Imagine walking into a courtroom and getting blindsided when you find your own clergy has written a character letter for your ex husband whose accused of violating his protective order and abusing you. How do you respond as a woman? What do you do? Warning: The story below mentions tough topics like religious trauma, clergy abuse and domestic violence.
What is Religious Trauma?
In short, religious trauma is the symptoms that come from a stressful or traumatic religious experience. A person who has gone through religious trauma may suffer from PTSD, nightmares, disassociation, flashbacks, anxiety, etc. While it isn’t recognized as a diagnosis in the DSM (diagnostic statistical manual of mental disorders) it has become more recognized by clinicians, therapists and counselors and groups and therapy geared towards religious trauma and faith transition are popping up.
What is Clergy Abuse?
A google search of the phrase “clergy abuse” often leads to articles and phone numbers that allow a person to report clergy sexual abuse but it should be noted that there are other forms of clergy abuse.
These may include:
- abuse of power
- actions on the part of the clergy member that lead to further abuse of a member of his (her) congregation
- violations of church policies or procedures that are linked to abuse or perpetuation of abuse of a member of the congregation
My own personal story goes in line with my clergy not following our church’s policy handbook and the lack of accountability for this violation. While the above text messages sound like the desperate pleas of my husband wanting his wife back, those text messages my ex sent to my clergy not only violated his protective order but were a way to further continue abuse.

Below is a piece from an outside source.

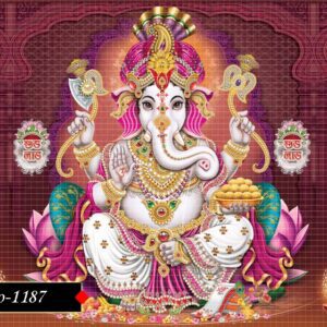 Ganesha is depicted with a colorful crown and a white body adorned with vibrant pink and gold patterns, seated on a pink and teal lotus. His expression is serene and benevolent, with four arms holding symbolic items including an axe, a goad, and a bowl of sweets, with one hand in the abhaya mudra. The background features a rich maroon arched alcove with auspicious symbols. Offerings of flowers and a lit diya are placed at his feet, creating a devotional atmosphere.

So what does happen when a clergy member violates church policies and handbooks and potentially puts a member of his own congregation and their children in further danger of abuse?
Clergy Abuse Reporting
Unfortunately, you as a member should be able to report it. But many churches do not include phone numbers, hotline numbers or places members can go to report these types of clergy abuses. Members are left to reconcile and come to terms with this abuse on their own, or often choose to quietly leave the church without having the right or ability to report what happened.
In short, they continue to be abused, or leave abused by a church that doesn’t allow them to hold their leaders accountable for erroneous violations and actions as a leader in a position of power and authority. This is especially true with woman or minority populations in a patriarchal church. Will this change?